Santa has already arrived in California for 2021, dressed as Governor Gavin Newsom, who is awash in new cash arising from much higher tax revenues than anticipated, plus bailout funds from the federal Santa Clauses in Washington, DC.

Newsom’s new budget proposal will be throwing dollars to most everyone and everything on the Democratic party’s wish list, including billions on expenditures that never came close to making the cut when resources were scarcer, largely because they were so far down any sensible priority list that they never were going to see the light of day.

However, as Newsom works hard to rebuild his image and try to fend off recall candidates, those pet projects have leap-frogged to the top of the list and are now getting substantial funding, ranging from spending billions more on California’s comically failed bullet train and paying traffic tickets for low-income violators to sending “no questions asked” checks to undocumented individuals and calling them tax rebates when, most likely, no taxes were paid by these individuals in the first place.

Newsom is calling this record $267 billion budget, which is 28 percent more than the pre-COVID 2019–20 budget a “historic, transformational budget. This is not a budget that plays small ball. We’re not playing in the margins. We are not trying to fail more efficiently.”

Do you know what “efficient failure” means? I don’t, but no matter, this budget is destined to fail on a grand scale. Not small-ball failure. Really big, beach-ball failure.

Santa’s elves didn’t create this largesse. They can’t print money that fast. What was feared to be a $5 billion deficit by budget analysts last year turned into a $74 billion surplus, thanks to those vilified one-percenters who really stepped up and delivered for everyone else in the state by paying a ton of taxes last year, reflecting capital gains on the sale of stocks, homes, and other assets, all of which are taxed as ordinary income in California, with some paying a tax rate as high as 13.3 percent.   Add on another $26 billion from the feds, who also know a thing or two about how to blow out a budget, and this provides the $100-plus billion that Newsom refers to as helping fund “a transformational budget that doesn’t play small ball.”  Put another way, $100 billion is close to half of the GDP of Portugal.

Listening to Newsom’s speech, you would think that his proposal for doling out this $100 billion is entirely his. But it is far from that. Roughly half of the state surplus—around $38 billion—must be spent on public schools, used to pay off state debt, and deposited in the state’s reserve account.

This means the “largest historic investment in California schools in history” is, well, required by law.

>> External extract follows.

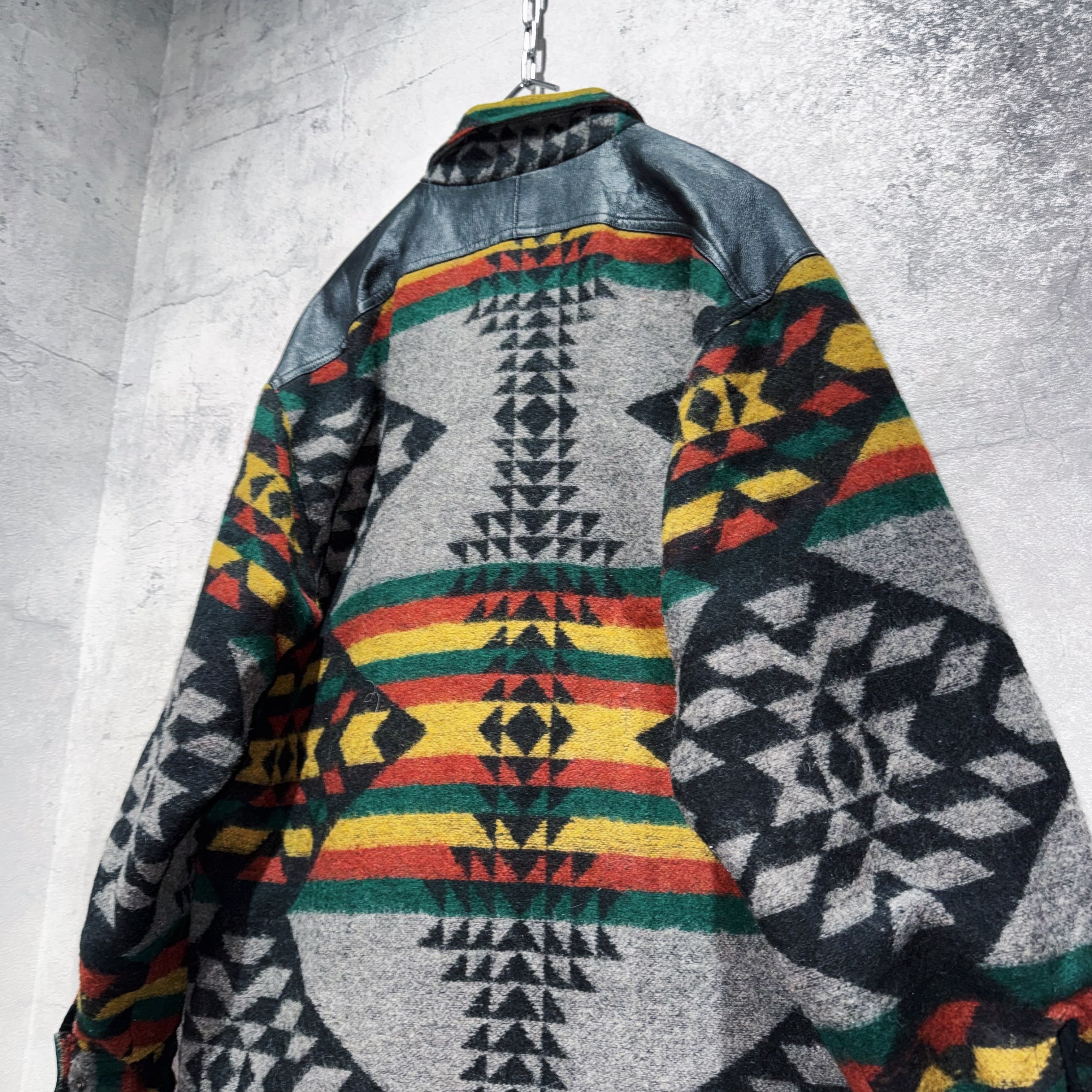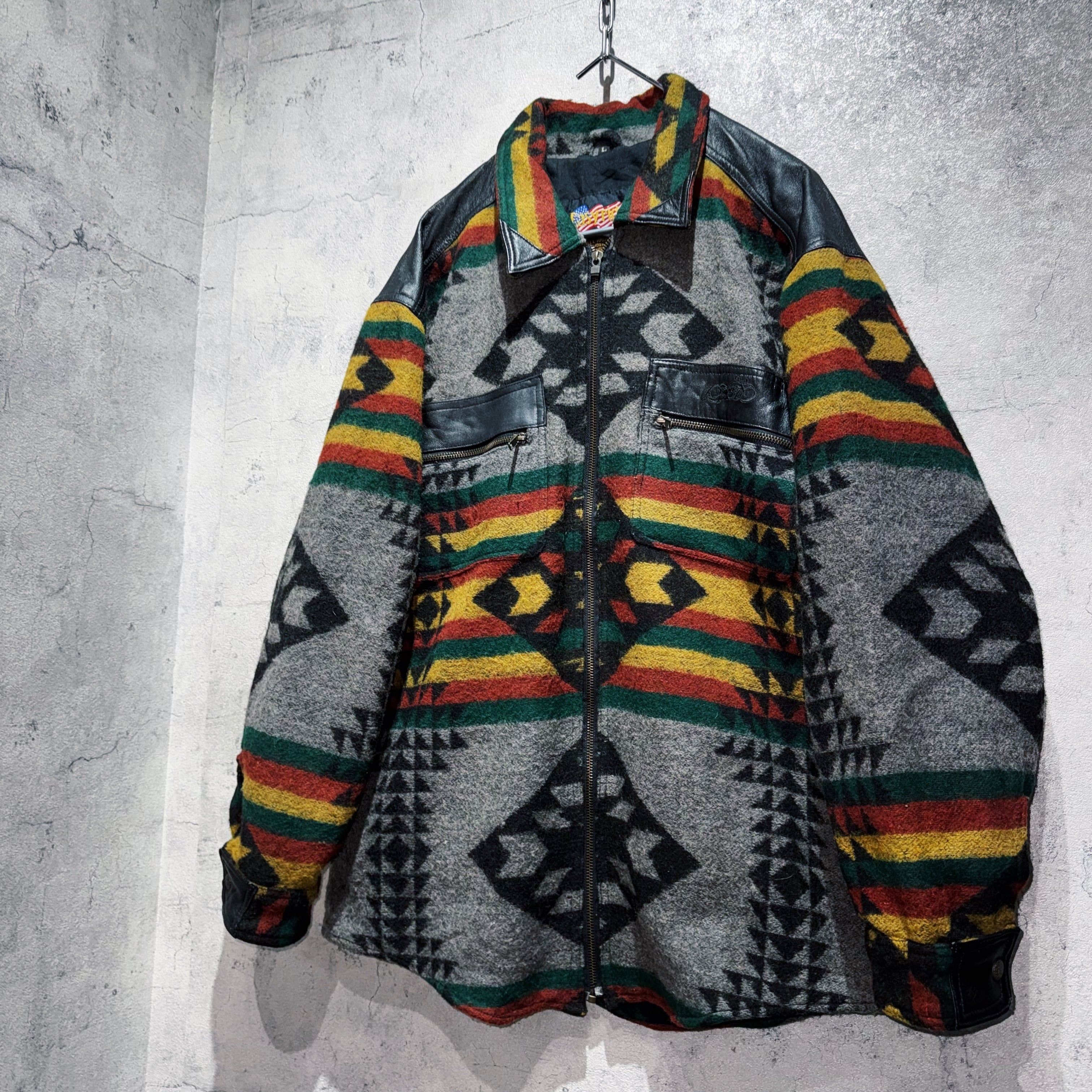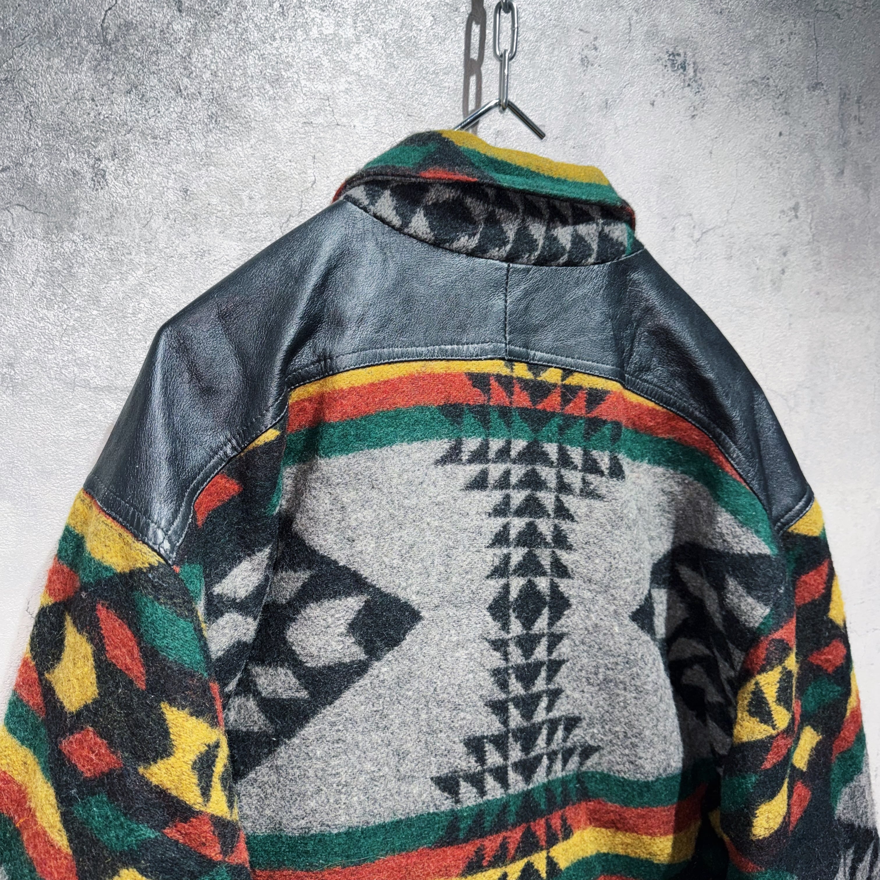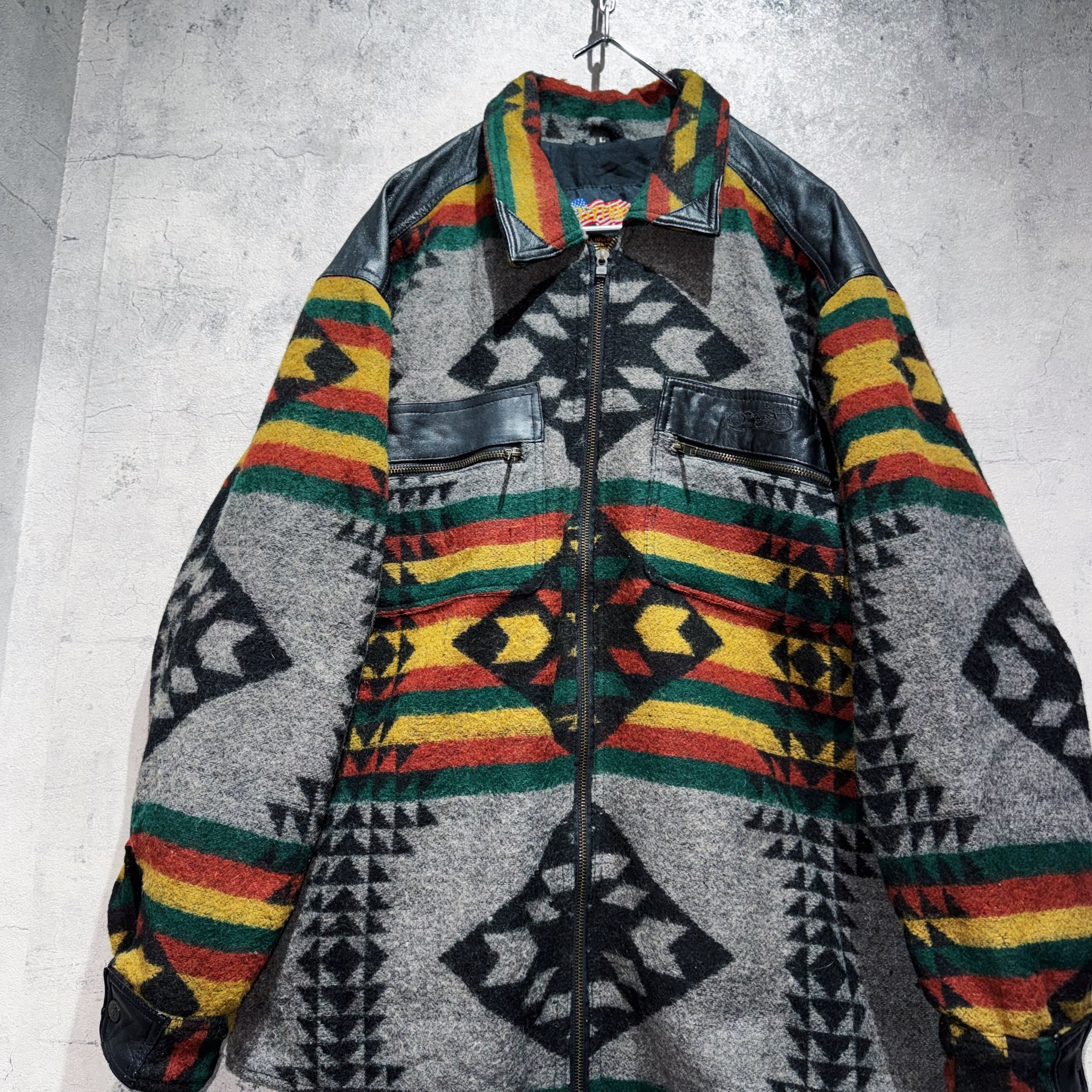 ヴィンテージ"イージーライダーズ"ウールレザーアズテックトライバルモーターサイクルジャケット

About $8 billion of the remainder will likely be returned to taxpayers by law. This reflects a 1979 state constitutional amendment that requires revenue to be returned whenever state government expenditures rise too fast.

But what is known as the “Gann Limit,” named after anti-tax advocate Paul Gann (Californians were indeed rebelling about excessive government spending more than 40 years ago), is now, ironically, being used by Newsom to his advantage. First off, most Californians have little if any idea about the Gann Limit, which means that returning billions in tax revenue might as well be Newsom’s personal idea. And what a great idea during the time of a recall election. 

Second, the Gann Limit has been interpreted for its 40-year-plus existence as broadly returning tax revenue to taxpayers. But those one-percenters who bailed us out won’t be getting any such checks from the Franchise Tax Board. Instead, checks will be sent to those making under $75,000 per year. Unconstitutional? Perhaps it is, because the law requires that the revenue be returned either via a change in tax rates or through fee schedules. We will have to wait and see if any lawsuits are filed over this.

It is hard to say that the recall has nothing to do with Newsom’s proposed budget, which includes many one-offs. His proposal is far above a sustainable budget trend and has been evaluated by the state’s nonpartisan Legislative Analyst’s Office (LAO) as “shortsighted and inadvisable.” And don’t think for a minute that the LAO isn’t politically sensitive to the wording of their pronouncements. I know of no statement from them regarding another governor that is more critical than this.

There is no doubt that for a governor facing recall, Newsom is in the right place at the right time. But to paraphrase Dr. Seuss, we are who we are, and Governor Newsom remains the governor who was elected on a platform to dramatically build housing and reduce homelessness, but who presided over an 8% decline in housing starts in his first year as governor—nearly 80% below his annual building goal—and who implemented business shutdowns among the nation’s most severe during COVID, while accomplishing a case rate that was only about average among the states.

These are some of the reasons why this budget will not significantly move the needle on any of California’s long-standing problems, nor will it prevent millions more Californians, nor thousands more businesses, from leaving. Not small-ball failure. Big, beach-ball failure.